Menyadari bahwa teknologi tanpa kompetensi pengelola akan menjadi beban, bukan aset, Dinas Perpustakaan dan Kearsipan Kota Jayapura juga telah menyelenggarakan bimbingan teknis literasi informasi. Peserta program ini mencakup pustakawan, guru, serta pegiat literasi yang berperan langsung dalam pengelolaan dan pemanfaatan perpustakaan di tingkat kampung. Tujuannya adalah meningkatkan kapasitas sumber daya manusia agar setiap fasilitas yang dibangun benar-benar berfungsi secara berkelanjutan dan tidak menjadi barang pajangan.

Ruang Publik yang Menyenangkan, Bukan Sekadar Gudang Buku

Dimensi lain yang ditekankan Mano adalah pengalaman pengguna. Perpustakaan, dalam pandangannya, harus dirancang sebagai ruang publik yang nyaman, menarik, dan menyenangkan. Ia menolak narasi bahwa perpustakaan identik dengan suasana kaku, sunyi, dan membosankan.

“Perpustakaan bukan hanya tempat membaca, tetapi harus dibuat menjadi tempat yang indah dan nyaman sehingga peminat untuk berkunjung dan membaca bisa lebih nyaman.”

Pendekatan ini sejalan dengan tren global yang menempatkan perpustakaan sebagai ruang ketiga—di antara rumah dan tempat kerja—di mana warga dapat berinteraksi, belajar, dan berkreasi. Bagi masyarakat kampung Jayapura yang selama ini memiliki sedikit pilihan ruang publik selain rumah ibadah dan lapangan olahraga, kehadiran perpustakaan yang ramah dan menarik berpotensi mengubah pola interaksi sosial secara signifikan.

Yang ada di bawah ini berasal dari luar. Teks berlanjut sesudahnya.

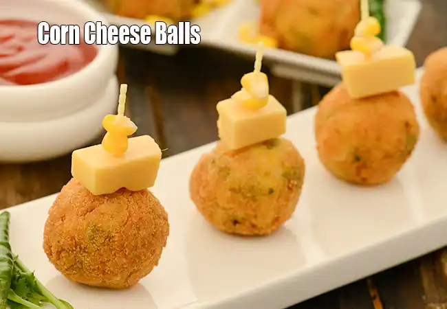 કોર્ન ચીઝ બોલ્સ: સ્વીટ કોર્ન અને ઓગળતી ચીઝથી ભરેલા સુવર્ણ તળેલા બોલ્સ. બહારથી કરકરા અને અંદરથી ક્રીમી, બધા વયના લોકોના ફેવરિટ.

Konteks dan Implikasi Jangka Panjang

Langkah Pemkot Jayapura ini perlu dibaca dalam konteks lebih luas. Papua, sebagai provinsi dengan bentang alam yang menantang dan populasi yang tersebar, menghadapi kesenjangan literasi digital yang jauh lebih dalam dibandingkan wilayah perkotaan di Jawa atau Sumatra. Empat belas kampung yang kini menerima fasilitas digital merupakan titik awal, bukan akhir. Keberhasilan program ini akan diukur bukan dari jumlah perangkat yang dipasang, melainkan dari perubahan perilaku: apakah warga kampung mulai mencari informasi secara mandiri, apakah pelaku usaha kecil memanfaatkan pengetahuan baru untuk meningkatkan produktivitas, dan apakah generasi muda tumbuh dengan kebiasaan membaca yang melekat.

Jika dikelola dengan komitmen berkelanjutan dan dukungan anggaran yang memadai, inisiatif ini berpotensi menjadi model bagi daerah-daerah lain di Papua yang menghadapi tantangan serupa. Perpustakaan digital di tingkat kampung, ketika dipadukan dengan pelatihan SDM dan orientasi pemberdayaan ekonomi, bukan lagi kemewahan—melainkan infrastruktur dasar bagi masyarakat yang ingin berpartisipasi penuh dalam pembangunan.

Frequently Asked Questions

What is Pemkot Jayapura bangun perpustakaan digital bagi?

Pemkot Jayapura bangun perpustakaan digital bagi is the main topic of this guide. The article explains the context, practical details, and next steps readers should understand.

Why does Pemkot Jayapura bangun perpustakaan digital bagi matter?

Pemkot Jayapura bangun perpustakaan digital bagi matters because readers are looking for a useful answer, not just a short summary. Good content should match search intent and help them decide what to do next.